Who: James Collette (guitar, vocals), Kevin Hoffman (bass), Rob Iggulden (drums), Karen Moore (keyboard, vocals), Morganfield Riley (guitar, vocals).
For fans of: Black Mountain, Frog Eyes, Sunset Rubdown.
Sounds like: The bizarro love child of Jeff Mangum and Jello Biafra flushed down a dark rabbit hole.
Typically, the formation of a band precedes the first record it makes. But little about Câlisse is typical.
Its inception began in October 2014, with James Collette gathering a few friends to cover the beloved 1998 Neutral Milk Hotel album In the Aeroplane Over the Sea in its entirety. From there, he began planning his ideal album in his head, even booking studio time for a batch of songs he'd written and reaching out to high-profile musicians in Portland as potential producers. As his appointment drew closer, he struggled to get anyone to commit to the gig on such short notice and felt the increasing need to recruit other musicians to help flesh out the strange sounds he was planning. In a last-minute whirlwind, Collette finally formed a backing band of sorts.
"Karen [Moore] and I had been roommates years earlier," he says. "Kevin [Hoffman] had just moved back from New Orleans, and I just kept texting him over and over. Rob [Iggulden] I'd known for a few weeks. He had a Wilco shirt, and I said, 'You play music? You wanna play on a record?'"
Production duties eventually fell to Morganfield Riley (who now plays guitar and sings in the band full-time) and Jason Driver, who owns Fur Vault PDX Recording Studio in Southeast Portland, where Collette's album, Farewell, Blacksheep, was recorded last March. The songs have a bipolar edge executed so precisely it's hard to imagine the musicians were all barely more than strangers. Collette employs a playful, elastic tweak to some of his phrasing that's reminiscent of Frog Eyes' Carey Mercer, and his vocal melodies are interlocked with unexpected instrumental bursts of brass or low-end boom that negate any sort of expectation. For a band that came out of a tribute to Neutral Milk Hotel, it retains the bombast of "Holland, 1945" but shoved through a dirtier lens—as if The Diary of Anne Frank were illustrated by Aubrey Beardsley.

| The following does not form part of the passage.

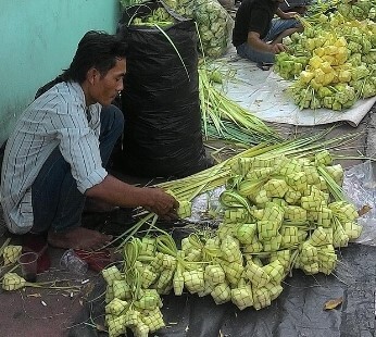 오늘은 인도네시아 명절 '르바란'(Lebaran)에 먹는 끄뚜빳(Ketupat)에 대해 설명드리겠습니다. 우리나라의 설과 추석처럼 인도네시아 최대 명절은, '라마단'(금식월) 기간이 끝나는''르바란'(Lebaran)입니다. 우리나라의 명절처럼 고향으로 대규모의 인구이동이 일어나고, 고향에서 가족과 함께 연휴를 보내며 맛있는 음식을 함께 먹는데 이때 먹는 음식이 '끄뚜빳'입니다. 끄뚜빳은 바나나 잎으로 조그만 주머니를 만들고 그 안에 쌀을 넣고 찌는 음식입니다.
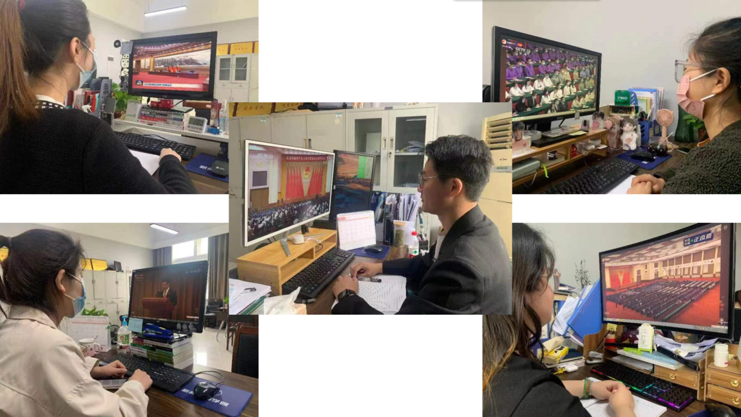 直播时,各级辅导员和同学们聚精会神,正襟危坐,每一个人的目光都聚焦在“中国共产主义青年团成立100周年大会”的直播画面之中。场上只有主持人在进行大会的开始宣讲的声音。

Since the recording, Câlisse has undergone some minor lineup changes as members started families or moved away, but the current roster is in a place where everyone is still fully dedicated. With a full year having passed between the record being made and then released, Câlisse has already tweaked the live performance of the songs and integrated several new ones, which will appear on its forthcoming sophomore effort, planned for release later this year. What began as one man's project has now taken on communal aspects.
"The dynamics have changed," Riley says. "With the first record, a lot of the songs were fleshed out on acoustic and adapted for a band, and they were James' songs. Now, there are songs that other people are bringing in. Even if a song is somewhat structured when it comes into the studio, it undergoes a treatment and changes to something else. It's become a lot less tentative."
SEE IT: Câlisse plays the World Famous Kenton Club, 2025 N Kilpatrick St., with Small Million, Christopher Bock and DJ Extra Gold, on Wednesday, April 20. 9 pm. Free. 21+.